To be clear, these are not necessarily copyright violations... but clear evidence that Aylina lied to the public and did not give credit to the source.

Did Aylina Copy My Work?

When I confronted Aylina and Eiriker, their position was that Aylina ported everything, and so it was her code. They further suggested that she came up with all algorithms herself (Eiriker stated "She came up with all new novel approaches for everything").

I paused for a minute and wondered: maybe she did? And that is why Aylina, Eiriker and Numerous are experts at: making you doubt yourself.
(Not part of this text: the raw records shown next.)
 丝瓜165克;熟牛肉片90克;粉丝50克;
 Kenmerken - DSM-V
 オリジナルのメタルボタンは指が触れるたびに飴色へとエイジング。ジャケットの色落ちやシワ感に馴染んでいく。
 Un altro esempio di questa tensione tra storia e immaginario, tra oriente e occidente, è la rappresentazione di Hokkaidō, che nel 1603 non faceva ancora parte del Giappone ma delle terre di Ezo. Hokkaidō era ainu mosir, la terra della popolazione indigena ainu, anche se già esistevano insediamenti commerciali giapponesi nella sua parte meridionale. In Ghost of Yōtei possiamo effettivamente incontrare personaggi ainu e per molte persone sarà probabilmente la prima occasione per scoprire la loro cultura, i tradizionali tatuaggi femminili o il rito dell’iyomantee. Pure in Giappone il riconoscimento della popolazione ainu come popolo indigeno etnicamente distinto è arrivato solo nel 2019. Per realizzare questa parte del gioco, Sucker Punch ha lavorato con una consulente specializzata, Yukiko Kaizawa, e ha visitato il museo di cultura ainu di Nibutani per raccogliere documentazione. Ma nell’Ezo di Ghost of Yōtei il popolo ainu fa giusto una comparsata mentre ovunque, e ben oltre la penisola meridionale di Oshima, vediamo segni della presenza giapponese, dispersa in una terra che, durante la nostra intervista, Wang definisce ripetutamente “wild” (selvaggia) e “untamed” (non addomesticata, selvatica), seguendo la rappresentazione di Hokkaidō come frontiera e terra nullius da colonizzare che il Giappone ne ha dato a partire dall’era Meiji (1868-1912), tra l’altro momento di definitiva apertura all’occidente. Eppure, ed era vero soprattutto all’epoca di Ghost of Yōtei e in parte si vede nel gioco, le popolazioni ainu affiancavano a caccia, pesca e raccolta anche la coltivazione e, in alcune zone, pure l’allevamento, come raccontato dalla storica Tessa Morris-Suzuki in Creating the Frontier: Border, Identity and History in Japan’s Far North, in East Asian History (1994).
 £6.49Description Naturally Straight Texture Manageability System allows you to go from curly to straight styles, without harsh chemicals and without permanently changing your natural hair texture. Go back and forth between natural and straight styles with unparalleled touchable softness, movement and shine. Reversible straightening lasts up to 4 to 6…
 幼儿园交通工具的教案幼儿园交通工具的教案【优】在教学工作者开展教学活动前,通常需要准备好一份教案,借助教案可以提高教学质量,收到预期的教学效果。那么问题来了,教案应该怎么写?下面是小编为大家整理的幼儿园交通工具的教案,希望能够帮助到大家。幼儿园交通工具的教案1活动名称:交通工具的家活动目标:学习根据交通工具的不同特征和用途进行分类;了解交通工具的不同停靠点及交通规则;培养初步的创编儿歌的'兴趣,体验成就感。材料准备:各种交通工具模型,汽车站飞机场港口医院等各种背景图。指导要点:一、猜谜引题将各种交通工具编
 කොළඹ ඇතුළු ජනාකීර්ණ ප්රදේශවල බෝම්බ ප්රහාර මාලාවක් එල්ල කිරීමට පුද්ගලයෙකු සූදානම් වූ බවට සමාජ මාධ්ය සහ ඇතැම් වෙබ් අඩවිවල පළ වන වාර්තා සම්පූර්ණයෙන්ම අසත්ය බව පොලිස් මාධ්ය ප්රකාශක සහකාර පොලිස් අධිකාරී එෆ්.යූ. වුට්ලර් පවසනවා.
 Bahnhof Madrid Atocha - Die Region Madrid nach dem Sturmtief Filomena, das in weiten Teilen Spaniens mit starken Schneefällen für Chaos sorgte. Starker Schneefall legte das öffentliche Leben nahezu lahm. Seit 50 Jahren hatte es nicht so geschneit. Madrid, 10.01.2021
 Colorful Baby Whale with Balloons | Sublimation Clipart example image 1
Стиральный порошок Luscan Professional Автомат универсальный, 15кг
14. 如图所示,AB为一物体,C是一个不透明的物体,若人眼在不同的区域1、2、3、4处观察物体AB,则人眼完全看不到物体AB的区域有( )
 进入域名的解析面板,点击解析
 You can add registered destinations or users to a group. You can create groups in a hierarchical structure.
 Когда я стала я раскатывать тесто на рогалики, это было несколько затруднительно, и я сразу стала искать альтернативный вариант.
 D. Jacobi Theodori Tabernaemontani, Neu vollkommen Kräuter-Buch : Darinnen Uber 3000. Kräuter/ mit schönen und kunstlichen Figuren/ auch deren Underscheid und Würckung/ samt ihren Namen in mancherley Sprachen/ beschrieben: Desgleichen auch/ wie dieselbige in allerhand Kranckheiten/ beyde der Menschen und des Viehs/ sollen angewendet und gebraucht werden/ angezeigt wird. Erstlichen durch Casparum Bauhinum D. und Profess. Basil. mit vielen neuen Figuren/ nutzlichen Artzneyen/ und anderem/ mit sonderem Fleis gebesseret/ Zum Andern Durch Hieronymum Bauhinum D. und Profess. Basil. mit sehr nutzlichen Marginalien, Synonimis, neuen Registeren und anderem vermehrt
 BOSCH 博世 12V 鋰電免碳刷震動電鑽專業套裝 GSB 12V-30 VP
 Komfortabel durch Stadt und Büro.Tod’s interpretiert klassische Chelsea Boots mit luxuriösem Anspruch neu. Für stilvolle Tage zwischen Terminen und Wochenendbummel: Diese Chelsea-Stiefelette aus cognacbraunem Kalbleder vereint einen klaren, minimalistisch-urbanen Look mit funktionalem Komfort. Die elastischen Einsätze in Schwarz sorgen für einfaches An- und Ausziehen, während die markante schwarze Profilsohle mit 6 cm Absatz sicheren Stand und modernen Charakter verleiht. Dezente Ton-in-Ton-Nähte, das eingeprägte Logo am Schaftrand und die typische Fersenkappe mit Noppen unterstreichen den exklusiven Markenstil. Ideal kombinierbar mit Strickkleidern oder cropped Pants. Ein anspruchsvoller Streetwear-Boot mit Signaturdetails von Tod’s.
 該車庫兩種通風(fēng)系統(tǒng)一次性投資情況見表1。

But, let's take a look-see. It's very hard to know what Aylina did without looking at her code. But, when I looked last December:

  • I came up with the idea of having "inedible" food: food that snakes cannot eat. I chose to use the term "inedible" and used a flag FOODFLAG_EDIBLE. Her "new novel approach" was to have a flag named FOOD_INEDIBLE.
  • I happened to pick "eULXuGxMjvoPvrGwNfvUDtnatqDrjCuKbxHergzVibpHxVFAnlTUCqkCRjBAKbnJwvHyPPyKbqJgWmdPMYpEbVGhOCWVHbMMuKcukJVpZzHHpNcXJdrGzmHTOlxREdKlvhzCLZtmbnkWpfzZHwpFVjguJGVpZxiHur" for a challenge, based on a game I had played a few years ago. She used the exact same one. Statistically, it is impossible she did anything other than cut-and-paste.
  • Likewise, the "OVJOsEjRpcOuhirgshXRPWml" challenge response, that had to have come from the code I gave her
  • I did not have dense mass reduction in the code I gave her, she did not implement it. This is what makes a curled up snake generate less food when it dies than a snake that is not curled up.
  • I did not implement the port 80 /ptc code, she did not either
  • For the target number of server bots, the official servers have a time-based algorithm. I did not investigate it, and used a hard-coded (unchanging) value. So did Aylina. So Aylina copied the algorithm I used, not the one the server used.
  • For the snake IDs (from 0 to 65535), I assumed the server assigned them in order (0 for the first snake, 1 for the next, and so forth), so that is what I did. So did Aylina. After further investigation, I found out that the server assigns them randomly. So Aylina copied the algorithm I used, not the one the server used.
  • The server bot names she used were directly from the file I provided her.
  • My code did not have live prey (the moving "orbs"), Aylinas did not.
  • My code did not have straightlining code (kioskers unable to control their snake for a few seconds after kiosking for about 30 minutes), Aylina's did not.
  • I came up with the idea of having the leaderboard used for something other than snake names/scores (e.g. the server name, to be seen on the NTL leaderboard). Aylina copied that idea.
  • I did not implement a check (that the official servers do) to verify that the browser sent an origin: HTTP header with "slither.io". Aylina did not either.
  • She copied the map encoding algorithm that I used. There was a flaw in my algorithm that made the map packets bigger than they needed to be, and hers had that flaw too. The official servers did not.
  • My server code did not restrict the number of connections from a single IP, Aylinas did not either.
  • My server code did not de-spawn food that was not seen for a while by live players, Aylina's did not either (I later implemented this).